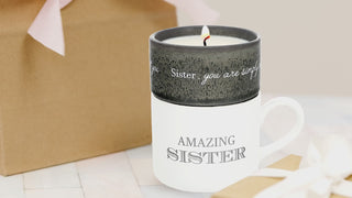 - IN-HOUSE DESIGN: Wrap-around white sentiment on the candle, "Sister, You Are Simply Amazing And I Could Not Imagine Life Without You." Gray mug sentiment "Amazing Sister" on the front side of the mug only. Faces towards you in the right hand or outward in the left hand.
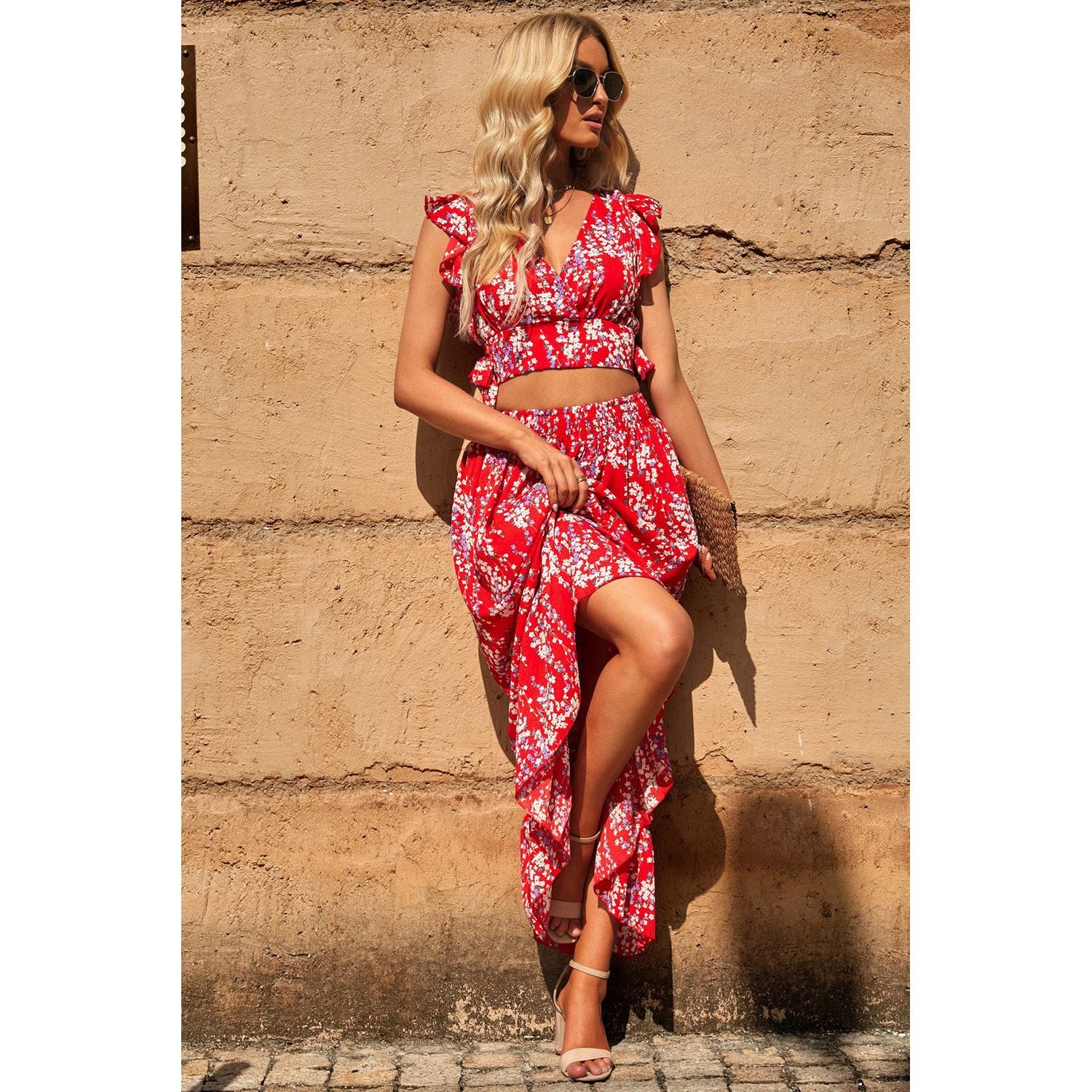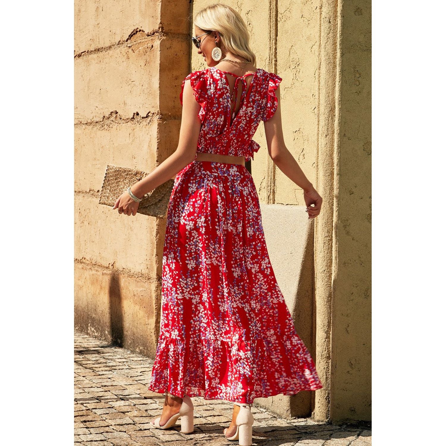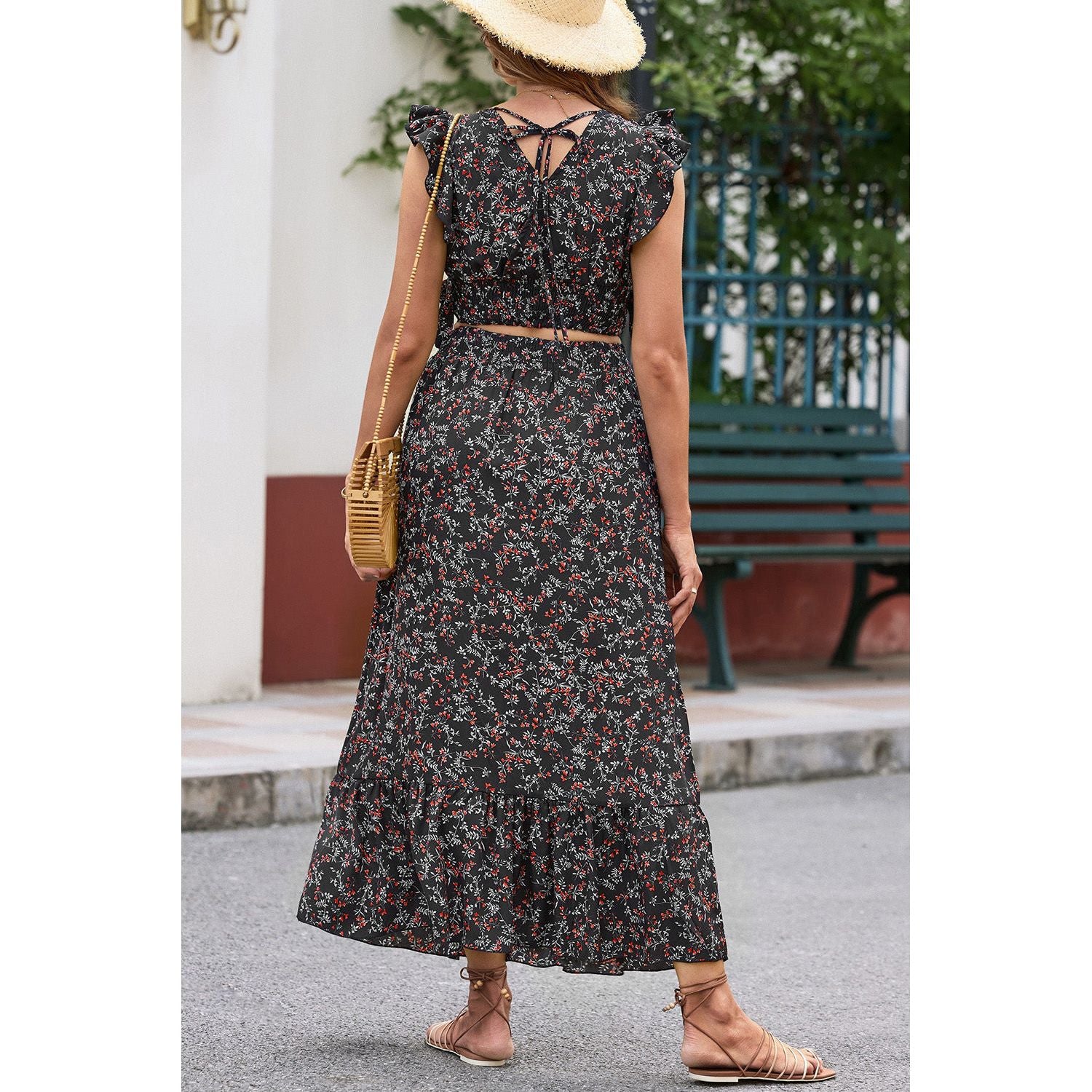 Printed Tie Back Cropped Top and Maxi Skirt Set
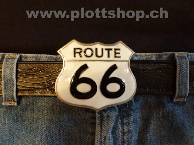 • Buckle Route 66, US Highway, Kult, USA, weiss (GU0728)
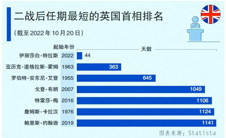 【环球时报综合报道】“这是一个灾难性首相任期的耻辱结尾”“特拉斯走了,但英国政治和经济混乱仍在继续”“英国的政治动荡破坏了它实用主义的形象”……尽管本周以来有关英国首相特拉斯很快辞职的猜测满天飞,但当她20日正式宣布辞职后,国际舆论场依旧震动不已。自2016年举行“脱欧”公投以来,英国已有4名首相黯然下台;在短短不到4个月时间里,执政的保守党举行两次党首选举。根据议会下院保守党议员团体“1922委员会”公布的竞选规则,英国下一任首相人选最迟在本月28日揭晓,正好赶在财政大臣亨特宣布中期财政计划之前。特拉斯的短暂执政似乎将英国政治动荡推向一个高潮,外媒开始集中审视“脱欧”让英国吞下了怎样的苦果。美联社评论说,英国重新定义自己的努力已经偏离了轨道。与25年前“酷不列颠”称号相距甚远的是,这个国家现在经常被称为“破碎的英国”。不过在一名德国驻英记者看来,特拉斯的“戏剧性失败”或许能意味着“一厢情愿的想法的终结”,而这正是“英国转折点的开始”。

> **What to produce**
Beginning at the line above that contains "Printed Tie Back" and going on through the line that contains "USA, weiss (GU0728)", please copy every line exactly, leaving the pictures out and adding nothing.

> **Solution below**
 Printed Tie Back Cropped Top and Maxi Skirt Set
 • Buckle Route 66, US Highway, Kult, USA, weiss (GU0728)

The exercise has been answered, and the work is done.